Strengths and future directions
This study is the first to examine a combination of demographic predictors of positive mental health in medical students in a single study, which is a strength as most existing research has focused on mental illness using fewer demographics (Compton et al., 2008; Puthran et al., 2016). This research was also the first to compare predictors of mental health and burnout in medical students. Importantly, the study examined mental health instead of mental illness, supporting a positive shift from treatment to prevention. Findings from the study highlight an important gap in research examining medical students’ well-being, where the focus should not only be on mitigating negative health outcomes (i.e. burnout) but on achieving higher levels of positive health outcomes (i.e. mental health) as well.
In addition, this study identified demographic subsets of Canadian medical students at two institutions who are potentially at risk of poor mental health and burnout. Some key strategies to support long-term well-being may be applied moving forward. For example, intervention studies involving yoga (Prasad et al., 2016) or meditation (De Vibe et al., 2018) have been found to increase well-being among first to third year medical students. Thus, these approaches may be valuable for first and second year medical students to learn key health behaviours (e.g. physical activity) that help prevent burnout in third and fourth year.

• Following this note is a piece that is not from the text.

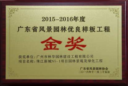 2015-2016年度 珠江新城N5-1项目园林景观及绿化工程金奖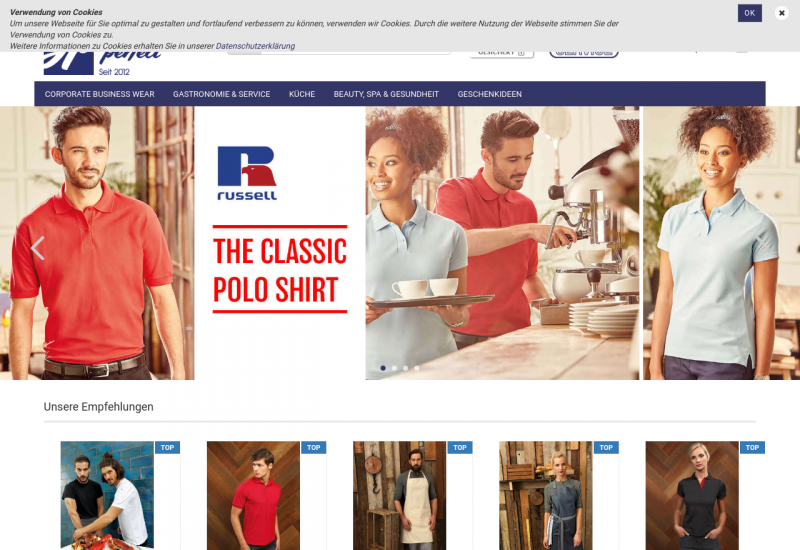 Gastro Perfect - Ihr Berufsmode Online-Shop für Gastronomie und Küche, Corporate Businesswear für Büro und Hotellerie, Beauty und Spa. In unserem Online-Shop bieten wir speziell für die genannten Berufsgruppen Textilien und Accessoires. Zum Beispiel: Latzschürzen, Bistroschürzen, Überwurfschürzen, Kochschürzen, Kochjacken, Kochhosen, Koch-Zandanas, Kochkappen, Pullover, Krawatten, Halstücher, Popeline-Hemden und Popeline-Blusen. Zusätzlich bieten wir unseren Kunden die Möglichkeit die bestellten Textilien direkt mit Ihrem Firmenlogo, Firmensignet, Firmennamen und Namen besticken zu lassen.

However, some medical students may be reluctant to attend wellness-based courses voluntarily (Slavin et al., 2014); therefore, structural approaches could also be considered. For instance, research has suggested that incorporating practical experience into the medical curriculum earlier in training could enhance well-being among medical students in later years of training (Vogel, 2018b). Moreover, a review has identified role-modelling and zero-tolerance policies on harassment as two possible avenues for promoting positive workplace relationships and a culture of wellness in medical students (Dyrbye and Shanafelt, 2016). Importantly, changes such as these may offer value in efforts to mitigate harassment, competition and discrimination in the clinical workplace and to reduce burnout in medical students (Dyrbye and Shanafelt, 2016). Moving forward, cross-sectional or longitudinal research in these areas could help to better conceptualise the contributing factors to well-being in medical professionals in support of strengthening the healthcare system and providing better patient care down the line.
Limitations
The main limitation of this study was its cross-sectional design as no causality could be determined. Other limitations included the use of opportunity sampling and the low response rate, which can lead to bias and impact generalisability, as only a portion of medical students attending two of the 17 medical schools in Canada participated. Future research may usefully follow a cohort of medical students at a larger number of Canadian medical schools to measure changes in mental health and burnout longitudinally. Finally, future cross-sectional work should aim to survey the full student population at medical schools to produce more robust findings.
Conclusion
This study investigated demographic predictors of medical student mental health and burnout, indicating that third year of study negatively predicted mental health and positively predicted burnout, and female gender, ‘other’ ethnicities and fourth year of study positively predicted burnout. Practically, this research provides useful knowledge to medical stakeholders when targeting medical students at-risk for poor mental health and burnout to promote their ongoing well-being. Future efforts to improve mental health and burnout in medical students should be comprehensive, incorporating individual, organisational and structural approaches (Kang and Kaplan, 2019), such as through peer support, wellness programmes, curricular restructuring and improving workplace culture.